* [Brief]
Using the data below, return word for word every line from the one holding "WEEKEND DAI DUE" down to the one holding "Les outils courts". Leave pictures out.

Top of Source information

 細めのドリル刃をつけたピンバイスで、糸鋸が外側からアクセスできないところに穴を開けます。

Bottom of Source information
Top of Source information

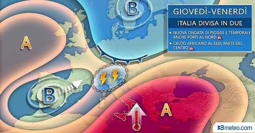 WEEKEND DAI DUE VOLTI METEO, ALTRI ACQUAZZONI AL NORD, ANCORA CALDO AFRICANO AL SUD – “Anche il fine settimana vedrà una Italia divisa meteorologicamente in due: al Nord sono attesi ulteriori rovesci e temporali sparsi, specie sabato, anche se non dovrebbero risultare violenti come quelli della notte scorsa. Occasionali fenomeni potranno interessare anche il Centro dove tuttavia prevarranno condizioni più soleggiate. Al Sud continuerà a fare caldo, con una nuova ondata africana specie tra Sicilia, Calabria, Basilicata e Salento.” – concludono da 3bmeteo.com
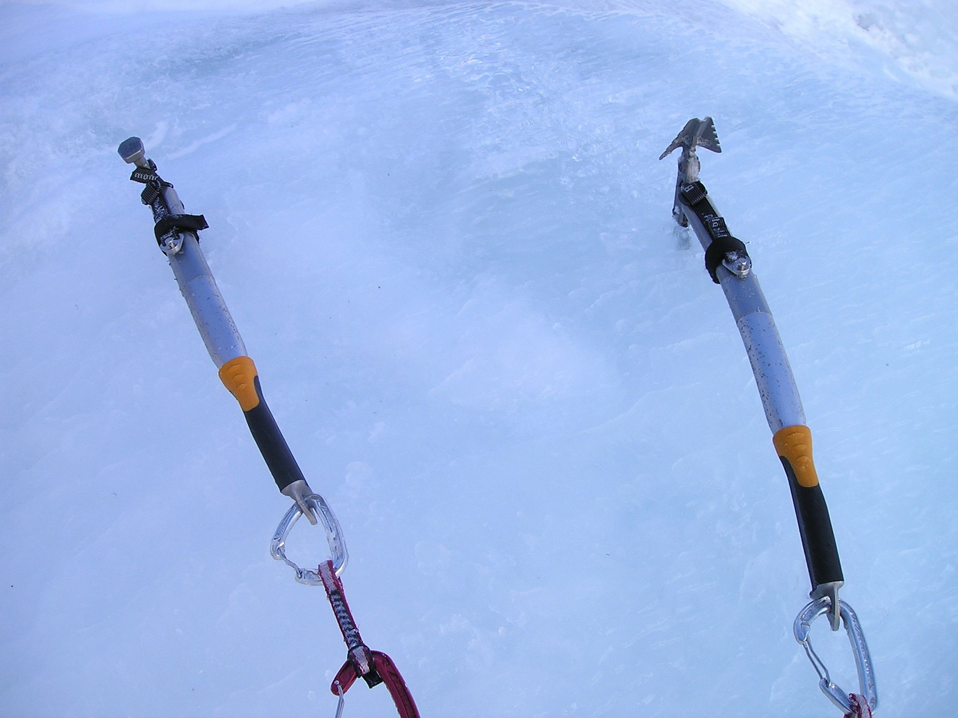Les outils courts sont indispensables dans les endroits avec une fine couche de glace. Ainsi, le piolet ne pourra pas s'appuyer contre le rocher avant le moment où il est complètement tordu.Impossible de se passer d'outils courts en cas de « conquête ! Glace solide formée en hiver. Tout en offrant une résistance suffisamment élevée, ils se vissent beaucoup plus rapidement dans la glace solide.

Bottom of Source information

* [Result]
 WEEKEND DAI DUE VOLTI METEO, ALTRI ACQUAZZONI AL NORD, ANCORA CALDO AFRICANO AL SUD – “Anche il fine settimana vedrà una Italia divisa meteorologicamente in due: al Nord sono attesi ulteriori rovesci e temporali sparsi, specie sabato, anche se non dovrebbero risultare violenti come quelli della notte scorsa. Occasionali fenomeni potranno interessare anche il Centro dove tuttavia prevarranno condizioni più soleggiate. Al Sud continuerà a fare caldo, con una nuova ondata africana specie tra Sicilia, Calabria, Basilicata e Salento.” – concludono da 3bmeteo.com
Les outils courts sont indispensables dans les endroits avec une fine couche de glace. Ainsi, le piolet ne pourra pas s'appuyer contre le rocher avant le moment où il est complètement tordu.Impossible de se passer d'outils courts en cas de « conquête ! Glace solide formée en hiver. Tout en offrant une résistance suffisamment élevée, ils se vissent beaucoup plus rapidement dans la glace solide.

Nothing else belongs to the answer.